__Items from a data source__:
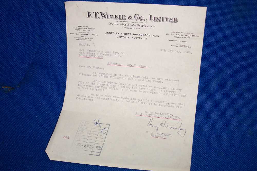 This letter came to the Museum from the records of Crabtree and Sons, successors to Bell and Valentine of South Melbourne. The Museum's B&V collection includes a quantity of reports, catalogs, photographs and other documents which record the workings of a very important manufacturer and exporter of printing machinery.
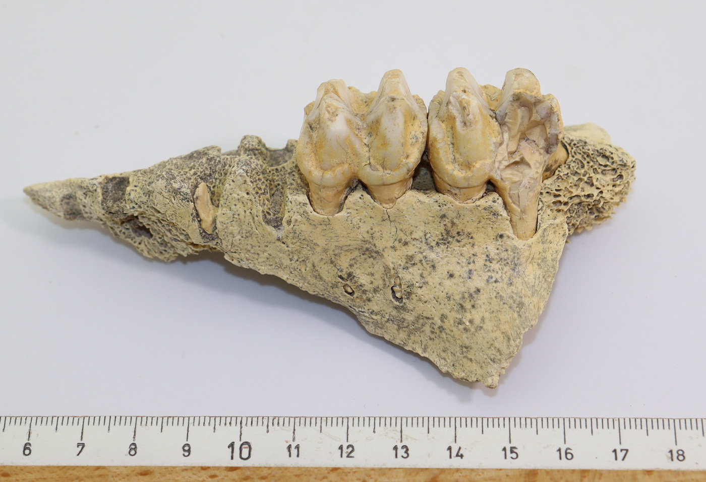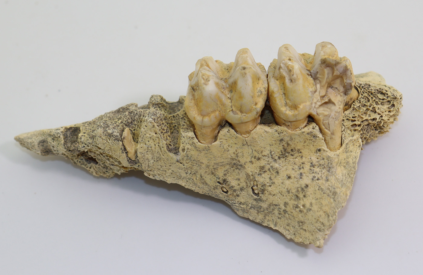 Sehr gut erhaltenes Oberkieferstück eines insularen Zwerg Nilpferdes mit guter Bezahnung.
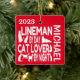 Dieses einzigartige Ornament mit dem Zitat "Lineman by Day Cat Lover by Night" ist perfekt für jeden Lineman, der Katzen Lieben.
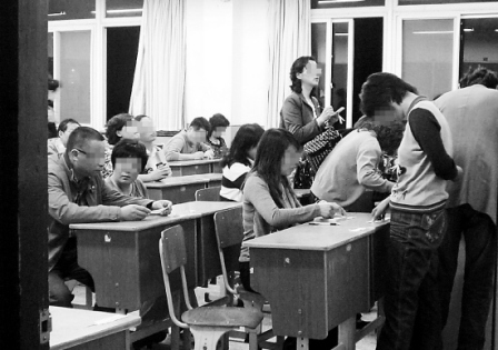 教学点的墙上贴着一些学生的进步成绩表,一名男咨询员指着其中一个高三学生的名字说,这个孩子全科补,不在学校晚自习了,家长为此已投入7 万多元。“为了孩子的将来,投入还是值得的。”他说,“孩子在学校晚自修效率不高,学校老师要管很多学生,如果你孩子不主动,老师也很难顾及到。”
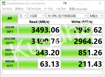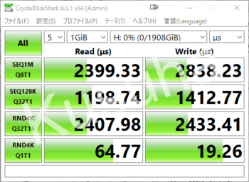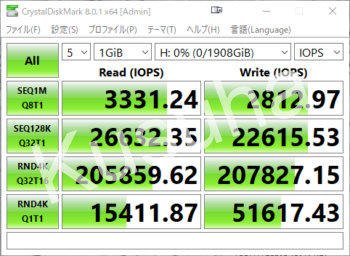 で、よく見かけるCrystal Disk Markの結果などは、ネット上に溢れるほどあるものと変わりなく、期待通りなのでさらっと記した。

__Description of the task__: The data is to be restated word for word, with any pictures set aside.

__Response__:
 This letter came to the Museum from the records of Crabtree and Sons, successors to Bell and Valentine of South Melbourne. The Museum's B&V collection includes a quantity of reports, catalogs, photographs and other documents which record the workings of a very important manufacturer and exporter of printing machinery.
 Sehr gut erhaltenes Oberkieferstück eines insularen Zwerg Nilpferdes mit guter Bezahnung.
 Dieses einzigartige Ornament mit dem Zitat "Lineman by Day Cat Lover by Night" ist perfekt für jeden Lineman, der Katzen Lieben.
 教学点的墙上贴着一些学生的进步成绩表,一名男咨询员指着其中一个高三学生的名字说,这个孩子全科补,不在学校晚自习了,家长为此已投入7 万多元。“为了孩子的将来,投入还是值得的。”他说,“孩子在学校晚自修效率不高,学校老师要管很多学生,如果你孩子不主动,老师也很难顾及到。”
 で、よく見かけるCrystal Disk Markの結果などは、ネット上に溢れるほどあるものと変わりなく、期待通りなのでさらっと記した。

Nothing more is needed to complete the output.